You buy raw materials in units. The production team makes units. And the logistics department fills out a bill of lading and arranges for shipping based on units. Rather than forecasting that you are going to sell $100,000 of product next year, wouldn’t it be more meaningful to say you are going to sell 50 large widgets, 25 medium widgets and 100 small widgets? By multiplying the sales price times the number of units, the accounting people get their revenue budget but other departments get more meaningful data to plan with. Manufacturing can anticipate the number of man-hours and machine time it will take to make the items that the sales department expects to sell. The shipping department can negotiate rates based on the number of truckloads, container shipments or pallet spaces it will purchase over the year. Human resources can identify which departments may be short of staff at the expected sales rate. And the sales manager has something concrete to talk with each sales person about- the number of large, medium and small units budgeted for her territory.

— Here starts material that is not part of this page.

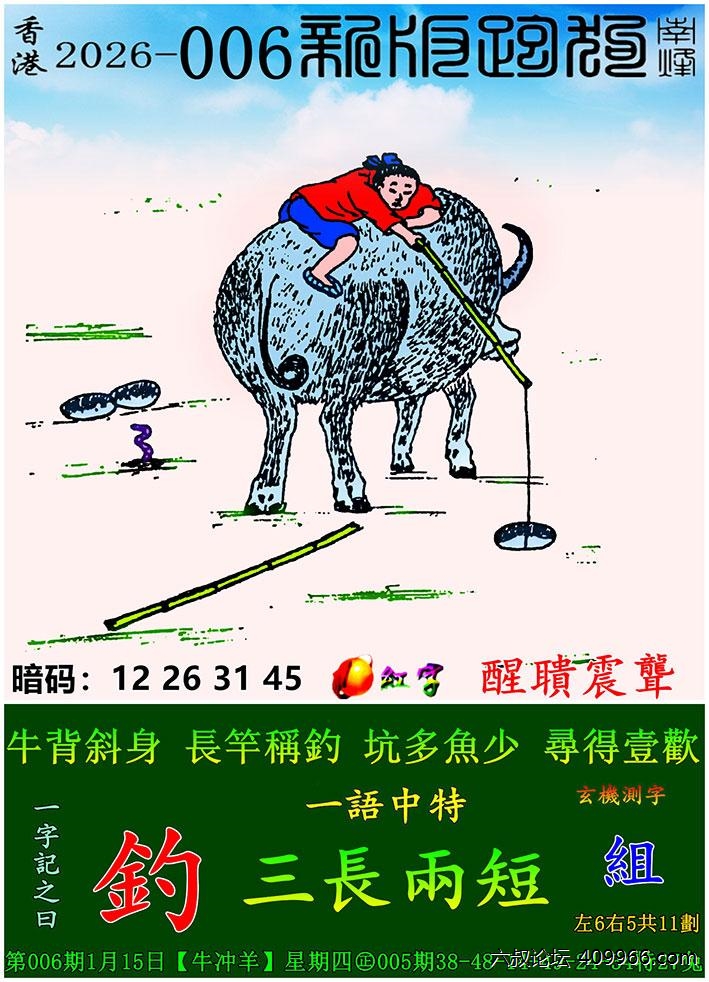 006期新版跑狗一字記之曰:【釣】 玄機測字:《組》 一語中特:三長兩短

Why don’t all companies build their budgets on units instead of dollars?
Because the process is messy, involves communication between departments, and leads to more accountability. Which are all reasons to do it! Building the budget strictly on dollars can be done by one person in an office by applying a multiplier or discounting factor to last year’s sales. Or worse yet, picking a revenue number the owner, board or bank wants to see, and forcing the numbers to fit the desired outcome. It results in a fast budget, but not a very useable one outside of the accounting office. It also allows people to escape from owning the results when they can say, “They aren’t my numbers”.
The best source of information about next year’s sales is the sales force.
They are the eyes and ears of the company and should have the best insight into what to expect in the future. Unfortunately, there’s a perception that it takes too much time and will get in the way of meeting this year’s budget if sales people are asked to help formulate next year’s forecast. Sales people have the reputation of not being good with paperwork, being sandbaggers, or being unrealistically optimistic about the future. While that may, or may not be true, it is the role of the sales manger to know how to manage each person to get the best data they can provide.
The process is complicated further when the sales force is made up of independent reps rather than company employees. “My reps won’t do it”, is what I hear when I talk with entrepreneurs and sales managers about collecting unit forecasts from the field. In my experience, forecasting is part of the salesperson’s job whether she’s on the payroll or an independent rep. It’s part of the sales manager’s job to set expectations around accurate and timely forecasting. It’s also part of the job to teach sales people how to do it, show them the value to their sales success, and to set up a structure that makes it as intuitive and time efficient at possible. No, you don’t want to take sales people out of the field to create spread sheets, parse data, or count widgets, but you do need to tap their insight into what’s going to happen in the future. What ‘s going to change? Whether that’s because of their effort, the customer’s action, or the trend in the category or industry.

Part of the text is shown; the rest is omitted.